A hallmark of Brahms's style, and of nineteenth-century music in general, is movement between third-related keys. One type of mediant relationship, minor tonic to its relative major, is a convention of sonata-form expositions in minor mode. In several of his sonata-form movements, however, Brahms exploits mediant relationships that depart from "normal" sonata key schemes. This paper examines the ramifications of these unusual key schemes on linear structure, and the resultant structure's interaction with the sonata form principle, in the first movements of three of the composer's chamber works: the Piano Trio opus 8 (in its revised version of 1889), the Piano Quintet opus 34 (1862), and the String Quintet opus 88 (1882).

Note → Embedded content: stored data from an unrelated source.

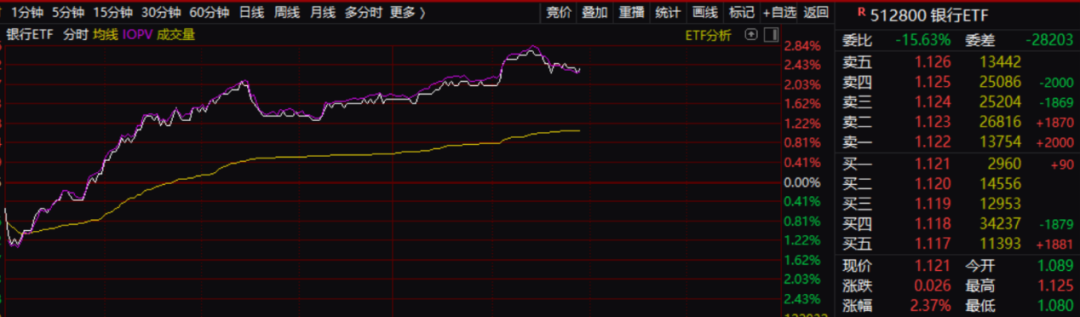 银行ETF一度大涨近3%。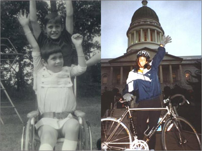 After many years of occupational, speech and physical therapy, and brain surgery at 16, she made it through school, went on to college and developed a strong interest in cycling. The memory of being in a wheelchair on her sixth birthday motivated her to be as physically active as possible. It opened up a whole new world to her. Six years after college she took part in her first organized event, the Paralympic torch relay. She always wanted to raise awareness of brain injuries, improve recovery for survivors, and inspire them to a meaningful life. In 2001, she realized her dream, and staged the first B.I.G. Ride from Morro Bay, CA over 4,000 miles to Augusta, ME. She completed three more rides in 2003, 2005, and 2007. Unfortunately, in 2007 her life was taken in a tragic accident. She paid the ultimate price accomplishing her mission. Her inspiration lives on through the B.I.G. Ride.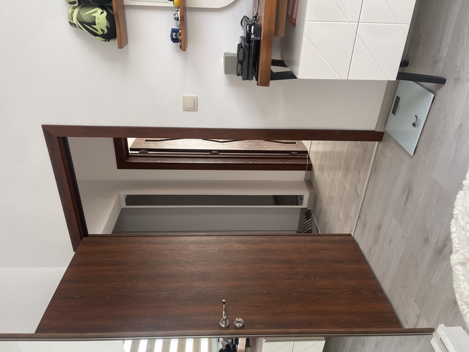 The image presents an interior residential scene within a dwelling located in Varna, Bulgaria. The primary subject is a partially open, dark brown wooden door with a silver handle, positioned on the left side of the frame. This door features a reflective surface, mirroring horizontal window blinds. The immediate floor consists of light-colored laminate, with a segment of a white, textured rug visible in the lower-left corner. Centrally, a doorway with dark brown wooden trim leads into a distinct hallway. The hallway floor is laid with light grey tiles. Visible within the hallway is a second, partially ajar dark brown wooden door, distinguished by a curved, wavy panel design. Reflections from another mirror or glossy surface are perceptible along the hallway wall. On the right side of the main doorway, a white digital weighing scale rests on the laminate floor. Above it, on a white wall, a light-colored electrical switch is mounted. Two wooden wall shelves are affixed to the white wall further to the right. The upper shelf holds a pair of green and black athletic shoes, while the lower shelf displays several small decorative items, including a miniature blue boxing glove. Below these shelves, a white piece of furniture, possibly a dresser or desk, with a textured, geometric front and dark metal legs, stands against the wall. Its wooden top supports a pair of dark sunglasses, a black pouch, and other miscellaneous small objects. No individuals are present in the scene.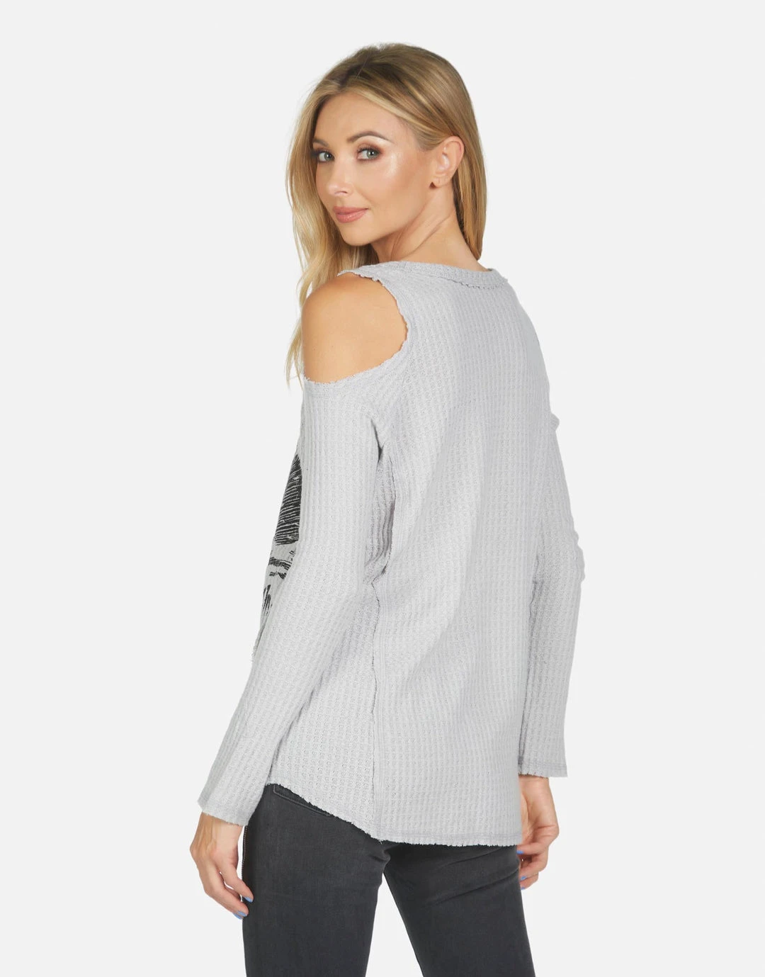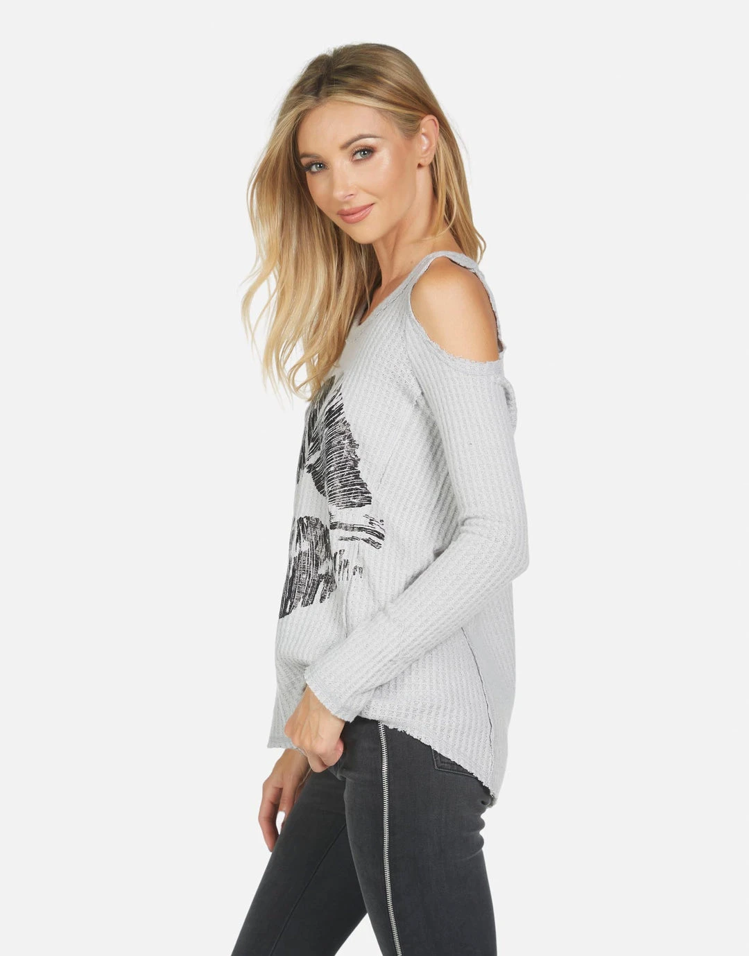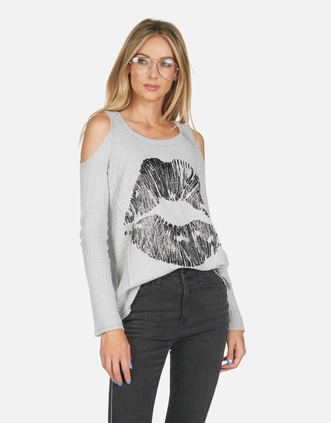 WEB EXCLUSIVE | Vinyl Lip Printed on Ultra Soft Lightweight Thermal in Heather Grey by Lauren Moshi.

All three of these movements exhibit an uninterrupted linear structure with a Kopfton on 5. The key schemes of these movements by Brahms, however, prohibit the subordinate theme from prolonging 5 at the deep middleground level. Therefore, the subordinate theme group in each of the movements prolongs an upper neighbor to the Kopfton. Because of the chromatic nature of Brahms's style, this upper neighbor is prolonged in both of its modal variants: a half-step above 5 (♭6) and a whole step above 5 (♮6). The prolongation of both variants injects the deep middleground structure with chromaticism that is not present in an uninterrupted sonata-form movement with a standard key scheme. This paper draws on previous work, especially Roger Graybill's exploration of Brahms's three-key expositions, Boyd Pomeroy's ideas on formal fusion, and Peter H. Smith's theories of form and "dimensional noncongruence."